#### TASK PROMPT:
Copy exactly the lines of the material below that run from the one containing "Description: Sepia tinted" through the one containing "2020年夏バージョンの友達半袖POLOニットドレス女性フレンチレトロチェック柄フェアリースカート サマー 夏物". Copy no other lines.

#### PROVIDED RECORDS:
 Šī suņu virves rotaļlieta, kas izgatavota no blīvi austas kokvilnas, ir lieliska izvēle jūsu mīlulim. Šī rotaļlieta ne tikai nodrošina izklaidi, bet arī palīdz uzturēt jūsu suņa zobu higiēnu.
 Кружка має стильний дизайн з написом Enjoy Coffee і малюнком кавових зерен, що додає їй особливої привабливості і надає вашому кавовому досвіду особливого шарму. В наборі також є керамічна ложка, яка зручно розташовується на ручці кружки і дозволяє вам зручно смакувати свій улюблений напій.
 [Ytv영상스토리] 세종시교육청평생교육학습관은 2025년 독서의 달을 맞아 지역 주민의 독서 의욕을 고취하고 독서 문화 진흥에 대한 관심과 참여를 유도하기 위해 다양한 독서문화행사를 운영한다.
* * *
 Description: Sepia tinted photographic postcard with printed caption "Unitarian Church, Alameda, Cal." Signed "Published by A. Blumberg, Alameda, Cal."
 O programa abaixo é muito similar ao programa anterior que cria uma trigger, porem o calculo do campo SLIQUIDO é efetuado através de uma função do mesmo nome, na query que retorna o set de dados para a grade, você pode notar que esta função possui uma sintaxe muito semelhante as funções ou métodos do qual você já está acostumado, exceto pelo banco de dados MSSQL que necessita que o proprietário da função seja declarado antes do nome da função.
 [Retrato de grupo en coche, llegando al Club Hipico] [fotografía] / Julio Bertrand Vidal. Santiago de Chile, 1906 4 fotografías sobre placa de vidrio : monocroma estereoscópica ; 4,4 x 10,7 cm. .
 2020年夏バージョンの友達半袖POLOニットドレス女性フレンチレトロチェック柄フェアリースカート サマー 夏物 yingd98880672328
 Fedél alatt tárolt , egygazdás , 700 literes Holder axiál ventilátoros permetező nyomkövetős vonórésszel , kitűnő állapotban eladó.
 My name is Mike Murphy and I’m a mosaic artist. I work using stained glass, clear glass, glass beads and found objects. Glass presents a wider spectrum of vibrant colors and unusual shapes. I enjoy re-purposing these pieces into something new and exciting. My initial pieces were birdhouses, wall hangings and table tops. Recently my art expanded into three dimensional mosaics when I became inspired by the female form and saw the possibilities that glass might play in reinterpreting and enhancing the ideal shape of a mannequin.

#### WRITTEN SOLUTION:
 Description: Sepia tinted photographic postcard with printed caption "Unitarian Church, Alameda, Cal." Signed "Published by A. Blumberg, Alameda, Cal."
 O programa abaixo é muito similar ao programa anterior que cria uma trigger, porem o calculo do campo SLIQUIDO é efetuado através de uma função do mesmo nome, na query que retorna o set de dados para a grade, você pode notar que esta função possui uma sintaxe muito semelhante as funções ou métodos do qual você já está acostumado, exceto pelo banco de dados MSSQL que necessita que o proprietário da função seja declarado antes do nome da função.
 [Retrato de grupo en coche, llegando al Club Hipico] [fotografía] / Julio Bertrand Vidal. Santiago de Chile, 1906 4 fotografías sobre placa de vidrio : monocroma estereoscópica ; 4,4 x 10,7 cm. .
 2020年夏バージョンの友達半袖POLOニットドレス女性フレンチレトロチェック柄フェアリースカート サマー 夏物 yingd98880672328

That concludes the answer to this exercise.